Reputation: 591
I have several csv files with the same headers and the same IDs. I am attempting to iterate to merge all files up to one indexed '31'. In my while loop, I'm trying to initialise the merged dataset so it can be used for the remainder of the loop. In the last line, I was told that the 'local variable merged may not have been initialised'. How should I instead be doing this?
SparkSession spark = SparkSession.builder().appName("testSql")
.master("local[*]")
.config("spark.sql.warehouse.dir", "file:///c:tmp")
.getOrCreate();
Dataset<Row> first = spark.read().option("header", true).csv("mypath/01.csv");
Dataset<Row> second = spark.read().option("header", true).csv("mypath/02.csv");
IntStream.range(3, 31)
.forEach(i -> {
while(i==3) {
Dataset<Row> merged = first.join(second, first.col("customer_id").equalTo(second.col("customer_id")));
}
Dataset<Row> next = spark.read().option("header", true).csv("mypath/"+i+".csv");
Dataset<Row> merged = merged.join(next, merged.col("customer_id").equalTo(next.col("customer_id")));
Upvotes: 1
Views: 275
Reputation: 9427
EDITED based on feedback in the comments.

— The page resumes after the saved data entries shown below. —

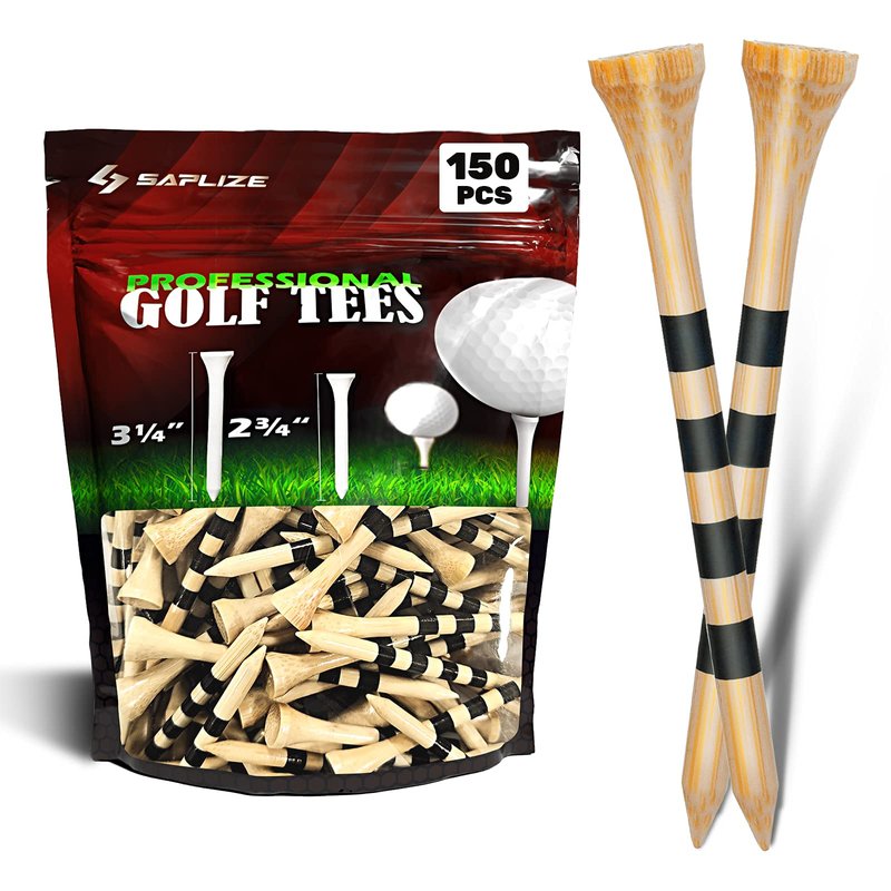 SAPLIZE Bamboo Golf Tees 150 pcs (3-1/4"), Biodegradable Material, More Durable and Stable, Reduce Side Spin and Friction
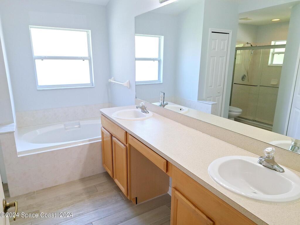 Available June 1st for move in. Beautiful Hammock Lakes Home in West Melbourne backing to quiet nature preserve. This home features an open floor plan with 3 bedrooms & 2 baths with modern stainless-steel appliances. Enjoy peace & quiet on the screened back porch looking out at lush greenery. Fenced in backyard. Double sinks in Primary bathroom with large walk-in closet, soaker tub, walk-in shower, spacious rooms with vaulted ceilings, fans, open formal dining, upgraded Maple kitchen Cabinetry with eat-in breakfast area, tile in wet areas & entry. Quiet neighborhood near every convenience imaginable. You'll love living here. Small dog considered, no cats.Call Nelson Azevedo for Appointment: 413-323-9730
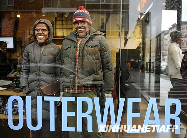 10月28日,在美國(guó)紐約的一家服裝店里,做成美國(guó)民主黨總統(tǒng)候選人奧巴馬模樣的模特身著冬裝,笑迎顧客。美國(guó)總統(tǒng)選戰(zhàn)如火如荼,商家們想出此絕活招攬顧客,成為一景。新華社/法新
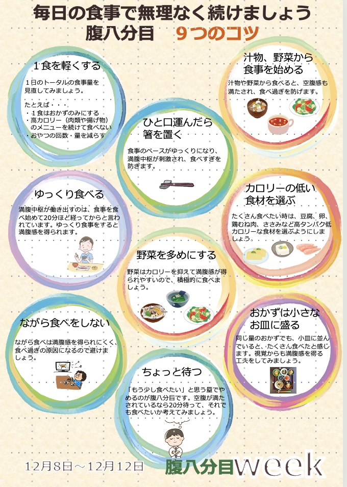 腹八分目にする9つのコツをそれぞれが意識しながら、

Following your pattern, something like this would work:
Dataset<Row> ds1 = spark.read().option("header", true).csv("mypath/01.csv");
Dataset<?>[] result = {ds1};
IntStream.range(2, 31)
.forEach(i -> {
Dataset<Row> next = spark.read().option("header", true).csv("mypath/"+i+".csv");
result[0] = result[0].join(next, "customer_id");
});
We're wrapping Dataset
into an array in order to work around the restriction on variable capture in lambda expressions.
The more straightforward way, for this particular case, is to simply use a for-loop rather than stream.forEach
:
Dataset<Row> result = spark.read().option("header", true).csv("mypath/01.csv");
for( int i = 2 ; i < 31 ; i++ ) {
Dataset<Row> next = spark.read().option("header", true).csv("mypath/"+i+".csv");
result[0] = result[0].join(next, "customer_id");
};
Upvotes: 1